I understand the dream of many idealists is that economic collapse will bring about the world they desire. I was walking through the park in Santa Barbara a few weeks ago, and saw some young hippies setting up tables selling used clothing and other junk. I overheard one say "after the collapse, all markets will be like this!" And I know libertarians dream that a strong hit to the current financial system, with the government and quasi-government agencies like the FED, will cause a collapse into a libertarian paradise. Given that the Great Depression led to the New Deal, the collapse of the post-World War I German economy to Nazism, and Panic of 1893 led to the rise of the modern interventionist state (even as it inspired Schumpeter to write of "creative destruction") I would expect that libertarians would be no more fond of a world after a new great depression than the hippies would be.
Re: Unelugeees und clereefficeshuns
Bork bork bork!
Also don't get lost in economic models or ideological models--they are just that, models.
Not exactly. Theoretical presuppositions drive policy. For example:
(There was nothing "Keynesian" about the polices that caused this crisis,
I beg to differ. From the WikiPedia article on Alan Greenspan:
by the way--is "Keynesian" just an all-purpose derogatory epithet for libertarians?)
Only Paleos. Those cosmos over at Cato are all on board with firing up the cash printing machines. Also, it's more of an all-purpose economic derogatory epithet.
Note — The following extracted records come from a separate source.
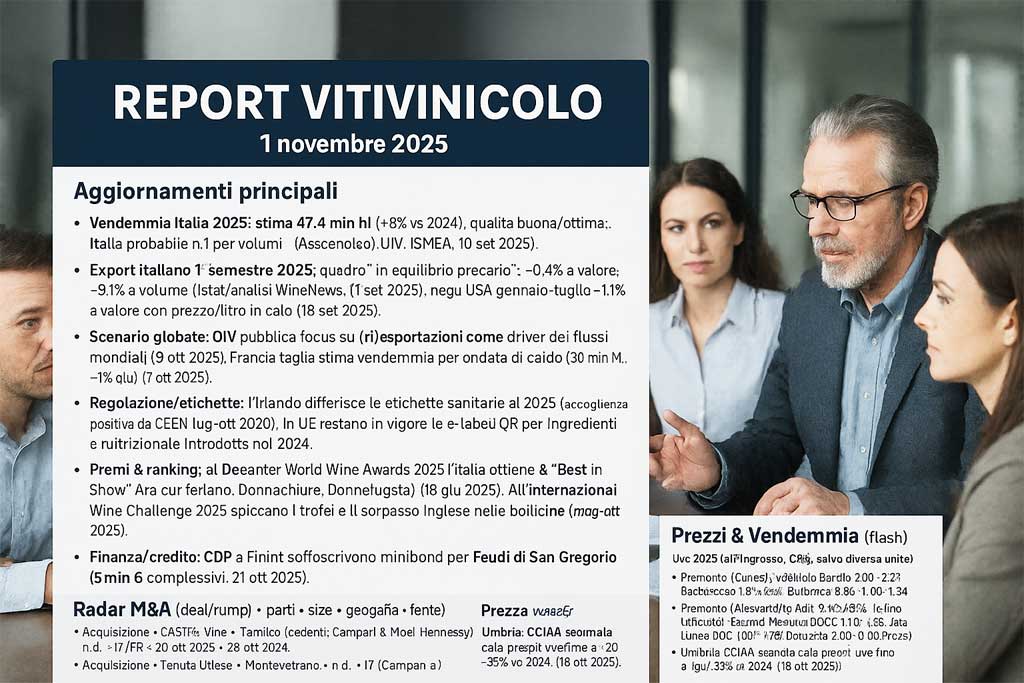 – Scenario globale: OIV pubblica focus su ri‑esportazioni come driver dei flussi mondiali (9 ott 2025). Francia taglia stima vendemmia per ondata di caldo (36 mln hl, ‑1% a/a) (7 ott 2025).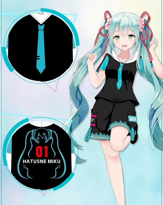 初音未来短袖T恤连帽印象卫衣拉链款M L XL XXL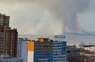 Огромный столб дыма на другой стороне Амурского залива видно издалека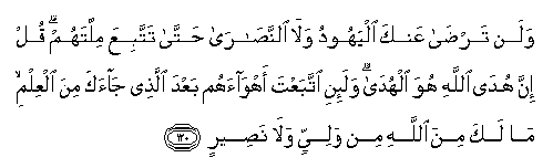 120. Walan tarda AAanka alyahoodu wala alnnasara hatta tattabiAAa millatahum qul inna huda Allahi huwa alhuda wala-ini ittabaAAta ahwaahum baAAda allathee jaaka mina alAAilmi ma laka mina Allahi min waliyyin wala naseerin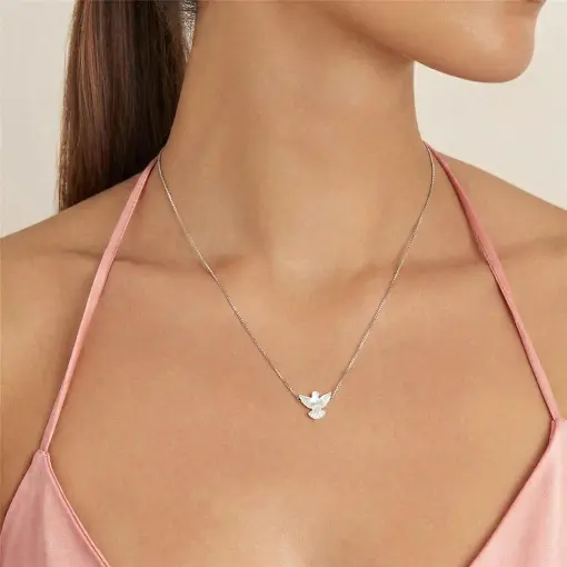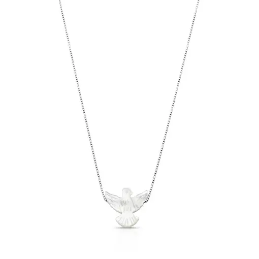 COLAR COM PINGENTE DE ESPÍRITO SANTO PRATA RODINADA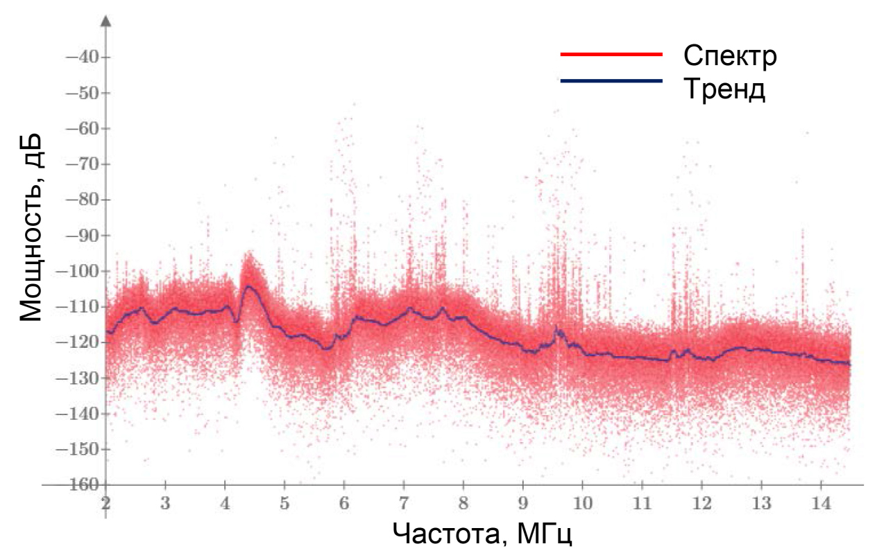 Рис. 4. Спектр смеси шума и антропогенных помех и его тренд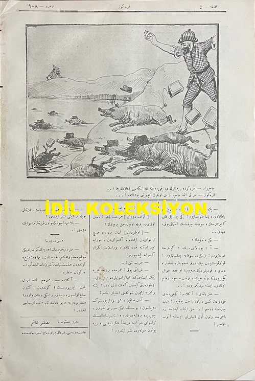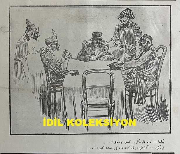 Osmanlıca Karagöz Mizah Dergisi-Gazetesi, Orijinal Dönem Basım, (Ottoman Magazine-Newspaper-Journal Illustré Cara-Gueuz) - 1 Kasım 1916 - Sayı: 908 - Hicri: 3 Muharrem 1335 - Rumi: 19 Teşrin-i Evvel 1332 - Karikatür: "Nikita: Kare Tamam Değil, Nasıl Olacak?... Karagöz: Azıcık Sabırlı Olun Dördüncü Şimdi Gelir?!.." - Romanya Kraliçesinin Rusya İmparatoriçesinden İstimdadı - Karikatür: "Hacivat: Karagözüm Bunların da Kuyruğuna Gaz Tenekesi Bağladın ha?... Karagöz: Merak Etme Hacivat Onların İçlerini Boşalttım!..." adlı eser, Kitap > Süreli Yayınlar > Gazeteler > Türkiye > Genel kategorisinde İkinci El olarak satıştadır.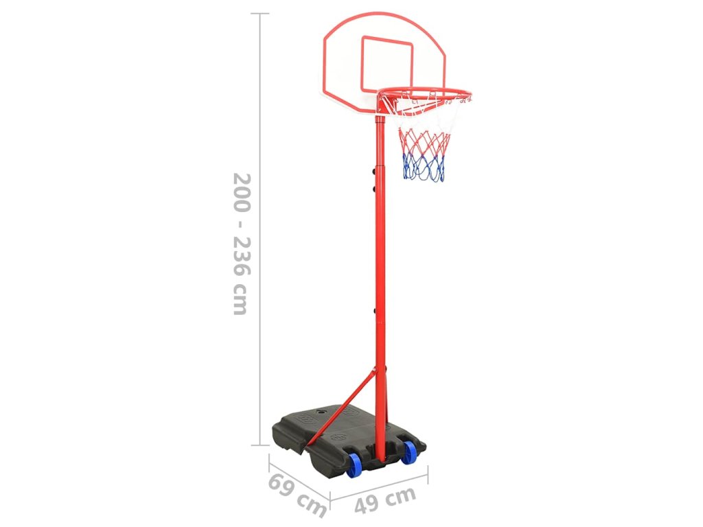 Táto súprava je dodávaná spolu so železnou obručou, 3-farebnou sieťkou, nafukovacou basketbalovou loptou a pumpou. Budete mať úplne všetko potrebné na hranie! Výška basketbalového koša sa dá nastaviť podľa výšky vášho dieťaťa. Po naplnení vodou alebo pieskom základňa stojí pevne na zemi. Vďaka svojej ľahkej hmotnosti a podstavcu s kolieskami sa dá súprava jednoducho presúvať.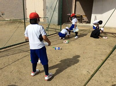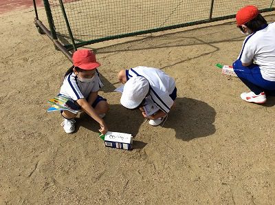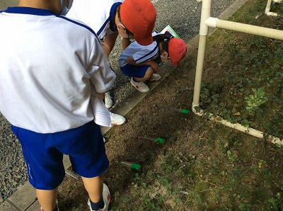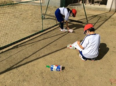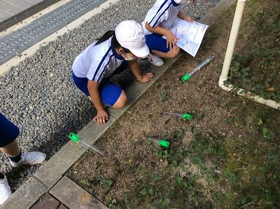 理科では、午前と午後の地面の温度を調べる実験のために外へ出ました。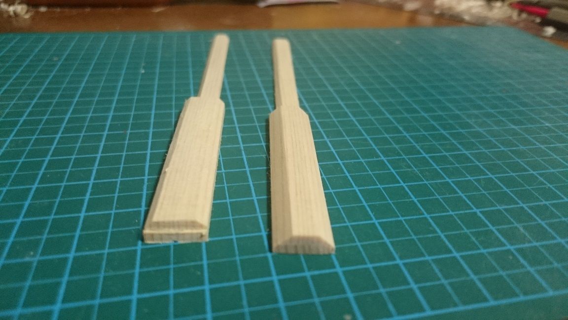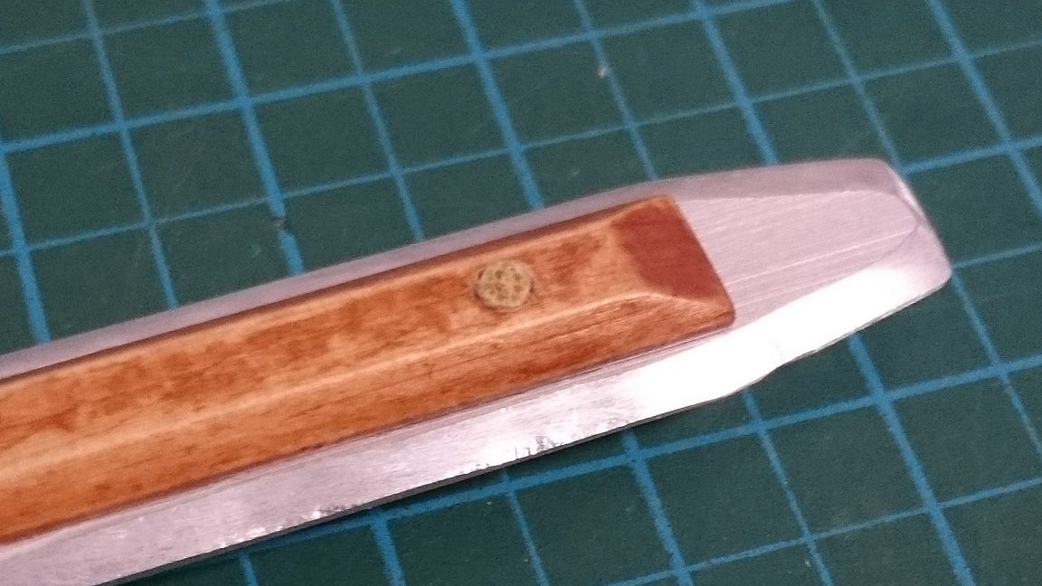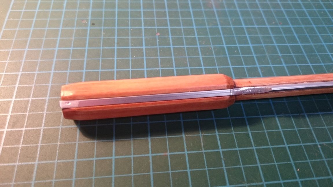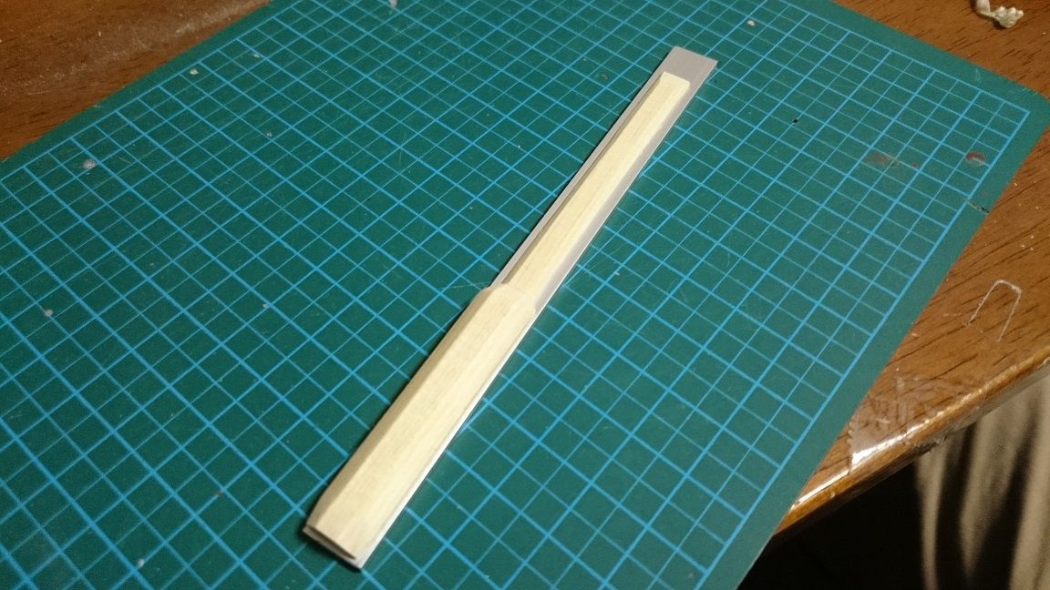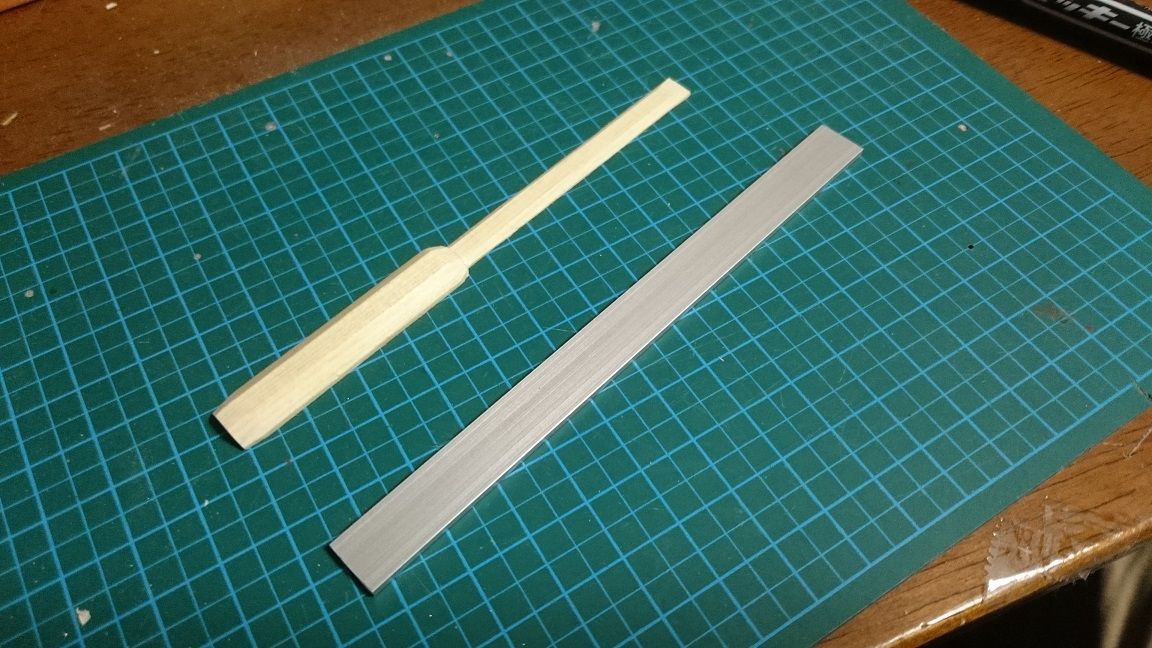 次に大小のパーツを張り合わせてグリップを正八角形になるよう削る。
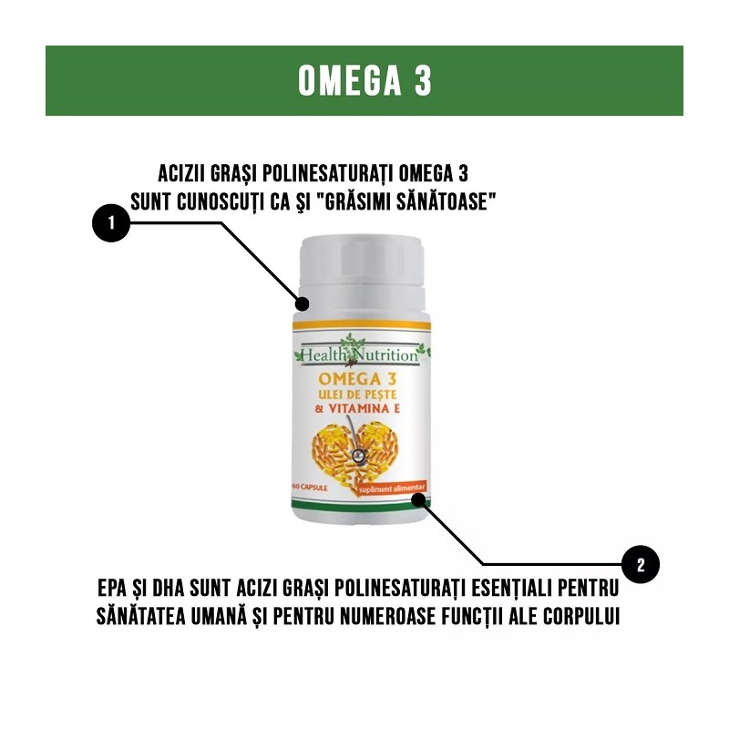 Omega 3 este un grup de acizi grași esențiali care pot fi aprovizionați doar prin dieta alimentară, deoarece organismul uman nu este capabil să-i producă el însuși. Acizii grași polinesaturați omega 3 sunt cunoscuți ca şi "grăsimi sănătoase". Majoritatea cercetărilor privind familia omega 3 au fost realizate pentru acidul eicosapentaenoic (EPA) și acidul docosahexaenoic (DHA). EPA și DHA sunt acizi grași polinesaturați esențiali pentru sănătatea umană și pentru numeroase funcții ale corpului. Aceşti acizi se găsesc în principal în peștii grași. Unele organizații din domeniul sănătății recomandă o doză zilnică de 500 mg de EPA și DHA pentru adulții sănătoși.
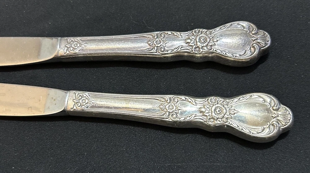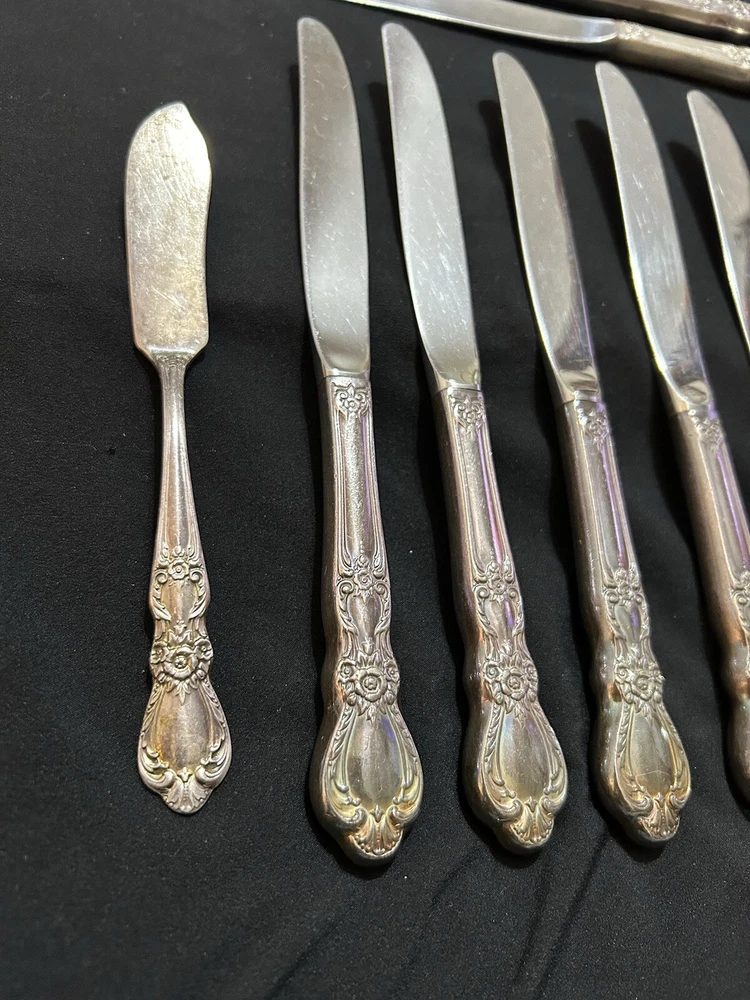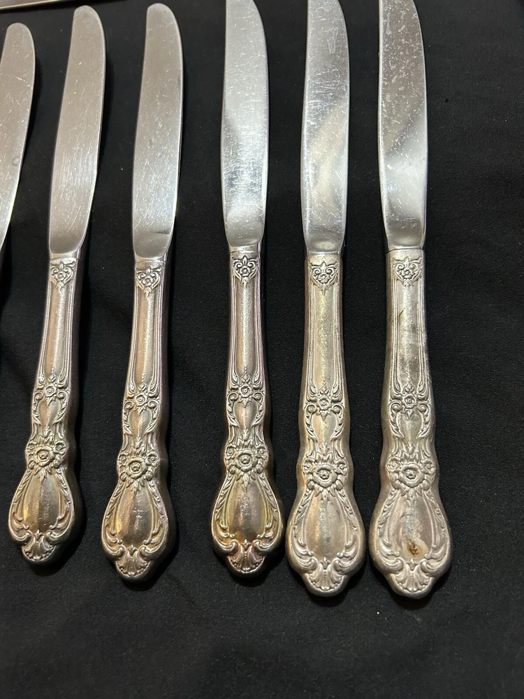 10 Vtg 1847 Rogers Bros Silver Plate Heritage Dinner Knives 9” & 1 Butter Knife Good used condition. Normal signs of wear and tear, minor scuffs and scratches. There is patina throughout. Please study pictures carefully before purchasing Feel free to ask any questions. Thank you for visiting our store! Bag5B

When we're talking about foreign policy, we prefer "neo-con."
Re: Underwear and Clearasil (swedish stylee)
A triggering factor in the 2007 subprime mortgage financial crisis is believed to be the many subprime ARMs... As any good Wiki critic would say, "Citation needed." A factor, yes. But even with a citation, a housing bubble and some foreclosures does not a liquidity logjam make.
I still say, any explanation or prescription that doesn't take into account the unprecedented multiples of leverage and the new securitized bad loans bundled into others, which is freezing the bank-to-bank lending, doesn't address the core components of the present situation.
As for models, yes, they can influence actors. But that still doesn't make them anything more than models. Models are incomplete. Weather prediction models, for example, have been affecting policy and people's actions for several years now. But no meteorological model is anywhere close to exhaustive. Even those considered authoritative are recognized as full of holes. So, counting on them to be sufficient to predict or explain the wildest deviations, or harshest storms or seasons isn't practical. I think that's what David was driving at. Keynsian, Austrian, Artesian, and fashion models -- none of them seem to have the current growing credit lock-up accounted for.